It’s no secret that computer science is one of the hottest subjects around. More students than ever are leaping at opportunities to learn to code, and employers in all industries need people with the skills to develop the programs and build the machines that run the modern economy.
To support the continued growth of the discipline among all students, EDC is working to expand and enhance K–12 computer science education throughout the United States. With state, federal, foundation, industry, and higher education partners, EDC’s programs are training teachers, strengthening statewide initiatives, and providing evidence of effective programs, policies, and practices.
So, what are we learning about what it will take for all students who are interested in computer science to have the opportunities they deserve?
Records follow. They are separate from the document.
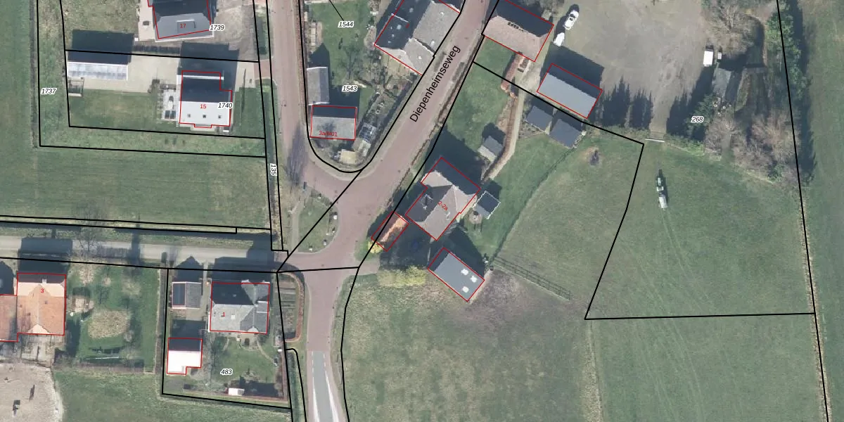 Het perceel waarop Diepenheimseweg 2-a staat heeft een oppervlakte van 1,3 ha. Dit is een zeer groot perceel. De perceeloppervlakte wordt geregistreerd door het Kadaster. Gedetailleerde informatie over de maten van dit perceel kunt u vinden in het rapport Kadastrale kaart met maatvoering van Diepenheimseweg 2-a.
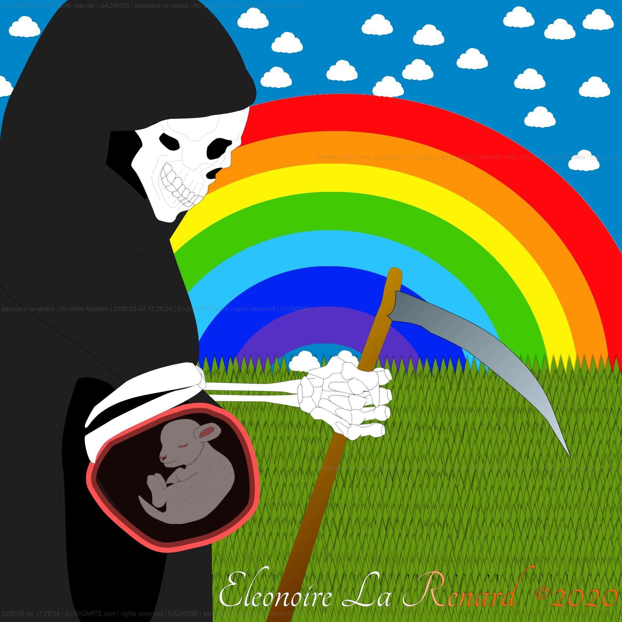 In the center of the frame, a mother sheep stands with a heavy, visible pregnancy. Inside her, the viewer can see the silhouette of a lamb—the universal symbol of innocence.However, this is not a joyful depiction. The lamb appears distressed and uneasy, its posture reflecting a soul that feels the weight of its own uncertain future. It is a being that simply wants to live and belong, mirroring the quiet plea of the defenseless.The background creates a stark contrast to this inner turmoil: * The Rainbow: A vibrant arc of colors stretches across the sky. In this specific context, it is not a political or social symbol, but a representation of pure hope and the "alternative path." * Atmosphere: The setting radiates a sense of "Pure Hope," suggesting that even in difficult circumstances, there is a way forward if one chooses to embrace life.The MessageThe artist’s interpretation focuses on awareness and prevention. The core message is a call to "stop" and consider the reality of life before it begins. It encourages individuals to: * Take Precautions: Use responsibility and care to avoid pregnancies that do not fit your current life context. * Acknowledge Consequences: Understand the profound responsibility of motherhood before becoming a mother. * Choose Life: To see the "Rainbow" as the hope that exists when we take accountability for our vital choices. ?????????????Artist's NoteThis piece is a sensitive exploration of freedom and the "unseen" struggle. It advocates for a world where responsibility precedes creation, ensuring that every "lamb" born into this world is met with the readiness they deserve. ??????????????
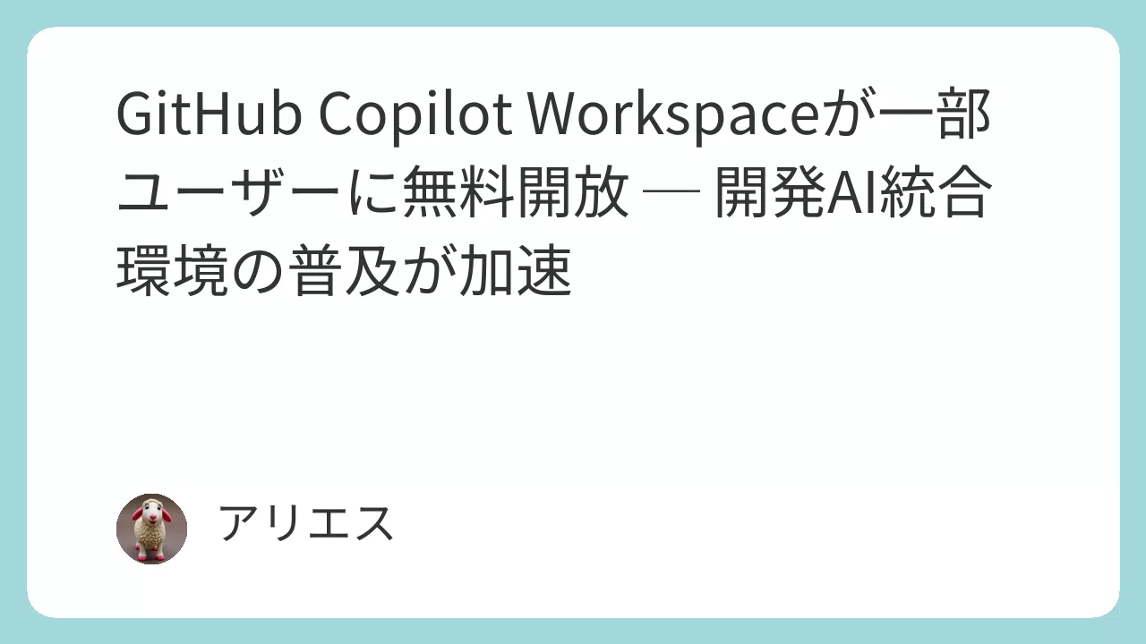 GitHub Copilot Workspaceが一部ユーザーに無料開放 ─ 開発AI統合環境の普及が加速 TECH 2025.10.20 GitHubが、AI開発環境「Copilot Workspace」の機能を制限付きで無料開放し始めたことが複数ユーザーから報告された。Copilotによる設計・対話・コード生成を一体化する環境が、より広い層に試用可能となった形だ。(※現時点では段階的な開放であり、正式リリースではない)

Four EDC experts offer their perspectives.
A brighter future
Computer scientists are defining the boundaries of discovery and innovation in nearly every industry sector. Software is everywhere—in health and medical research, manufacturing, finance, national defense, the STEM fields. The exponentially growing need for computer scientists and computer science-enabled workers in all fields gives us an opportunity to offer our students the tools to create a bright future.
To get more young people into the field, we have to make a better case for developing foundational computer science skills in schools. We have to raise the visibility of the discipline, its impact on creativity and innovation, and the economic opportunities available to individuals with computer science skills. Once students and their families fully understand the career and economic benefits of developing computer science skills, the demand for this type of education will explode.
Giving everyone a chance
There’s widespread agreement that students should learn the basics of programming. One way to achieve this is to let programming be a vehicle for learning—just as word processing has become a natural part of teaching writing. There’s no shortage of ways that programming could be infused into schools’ mathematics and science curricula as early as grade 4.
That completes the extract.